**SUPPLIED INFORMATION**
——

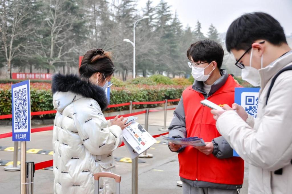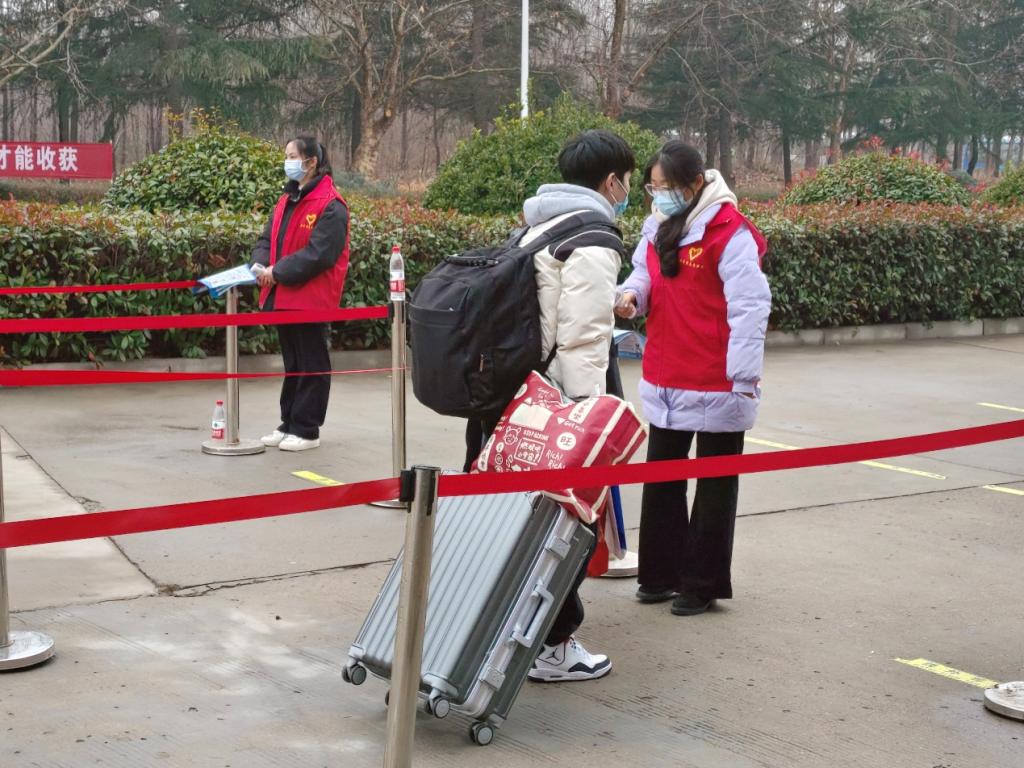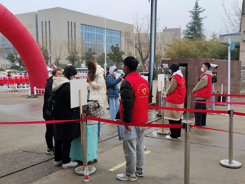 学校在报到现场设置了入校码查验区、体温测量区、临时观察点为学生们提供入校信息查验、体温检测、温暖祝福、行李搬运等贴心服务,以干净整洁的校园环境、温暖贴心的返校氛围、安全细致的服务保障来迎接河工学子的归来。
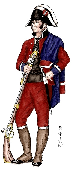 Companyies fixes. Companyia d'escopeters de Getares. Dibuix de Fèlix Xunclà. Basat en "Uniformes Militares Españoles. El Ejército y la Armada en 1808", de José Maria Bueno, Málaga, 1982.
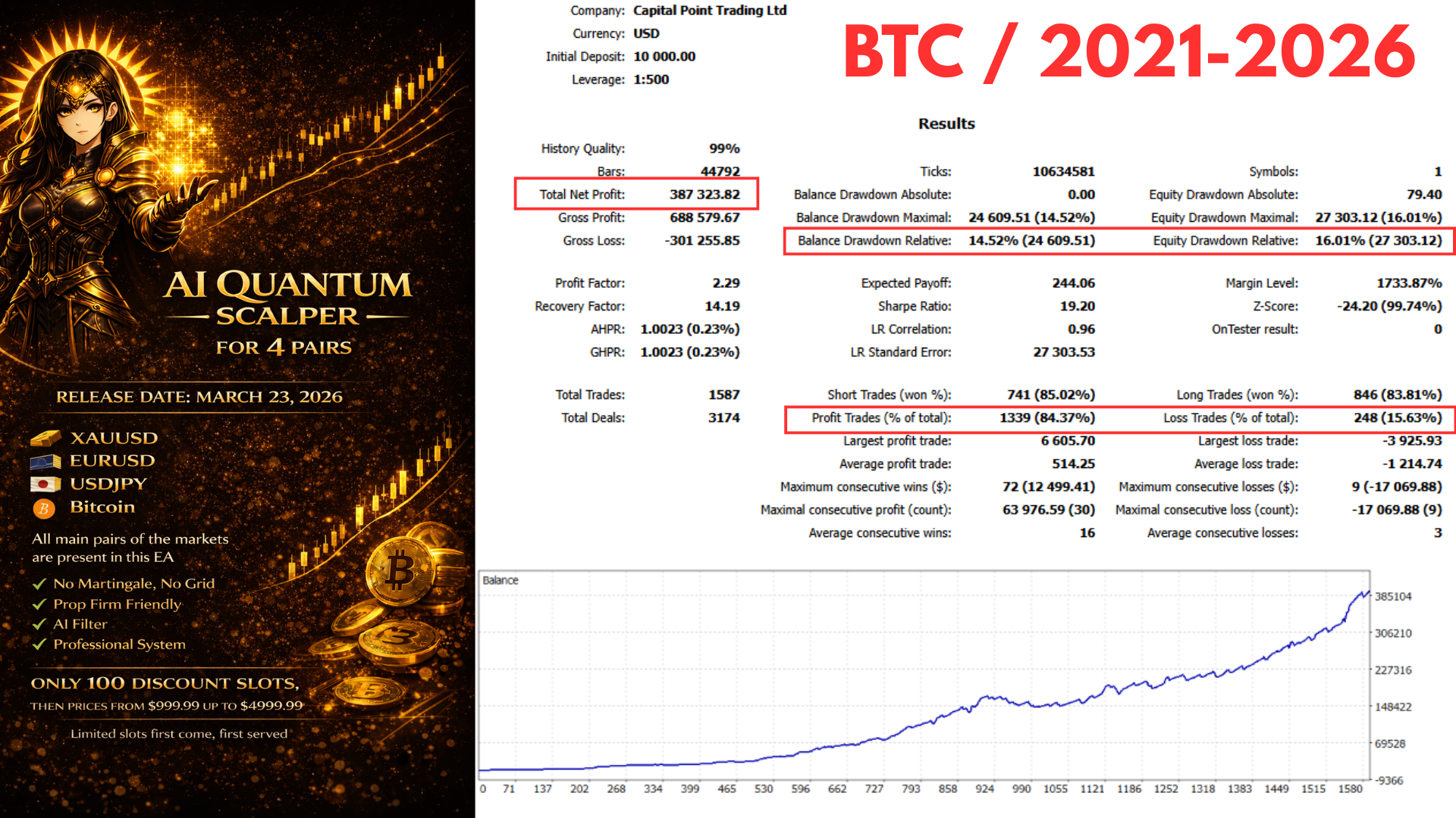 🚀 AI Quantum Scalper is an advanced automated trading system built for high-precision scalping across the world’s most liquid markets: XAUUSD, EURUSD, USDJPY, and Bitcoin.
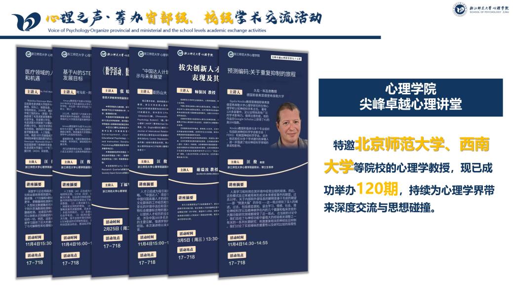 研会充分发挥专业特色,为研究生们搭建了多层次、立体化的学术交流平台。其中,“心无界·理致远”学术文化节汇聚专家报告与学术汇报,线上线下辐射;134期“尖峰卓越心理讲堂”为研究生科研能力提升提供了有力帮助。
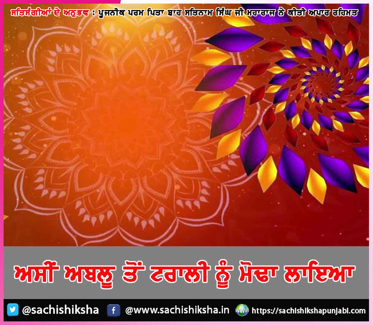 ਅਸੀਂ ਅਬਲੂ ਤੋਂ ਟਰਾਲੀ ਨੂੰ ਮੋਢਾ ਲਾਇਆ -ਸਤਿਸੰਗੀਆਂ ਦੇ ਅਨੁਭਵ -ਪੂਜਨੀਕ ਪਰਮ ਪਿਤਾ ਸ਼ਾਹ ਸਤਿਨਾਮ ਸਿੰਘ ਜੀ ਮਹਾਰਾਜ ਨੇ ਕੀਤੀ ਅਪਾਰ ਰਹਿਮਤ

——

Repeat every record above exactly, but leave out any pictures.

 学校在报到现场设置了入校码查验区、体温测量区、临时观察点为学生们提供入校信息查验、体温检测、温暖祝福、行李搬运等贴心服务,以干净整洁的校园环境、温暖贴心的返校氛围、安全细致的服务保障来迎接河工学子的归来。
 Companyies fixes. Companyia d'escopeters de Getares. Dibuix de Fèlix Xunclà. Basat en "Uniformes Militares Españoles. El Ejército y la Armada en 1808", de José Maria Bueno, Málaga, 1982.
 🚀 AI Quantum Scalper is an advanced automated trading system built for high-precision scalping across the world’s most liquid markets: XAUUSD, EURUSD, USDJPY, and Bitcoin.
 研会充分发挥专业特色,为研究生们搭建了多层次、立体化的学术交流平台。其中,“心无界·理致远”学术文化节汇聚专家报告与学术汇报,线上线下辐射;134期“尖峰卓越心理讲堂”为研究生科研能力提升提供了有力帮助。
 ਅਸੀਂ ਅਬਲੂ ਤੋਂ ਟਰਾਲੀ ਨੂੰ ਮੋਢਾ ਲਾਇਆ -ਸਤਿਸੰਗੀਆਂ ਦੇ ਅਨੁਭਵ -ਪੂਜਨੀਕ ਪਰਮ ਪਿਤਾ ਸ਼ਾਹ ਸਤਿਨਾਮ ਸਿੰਘ ਜੀ ਮਹਾਰਾਜ ਨੇ ਕੀਤੀ ਅਪਾਰ ਰਹਿਮਤ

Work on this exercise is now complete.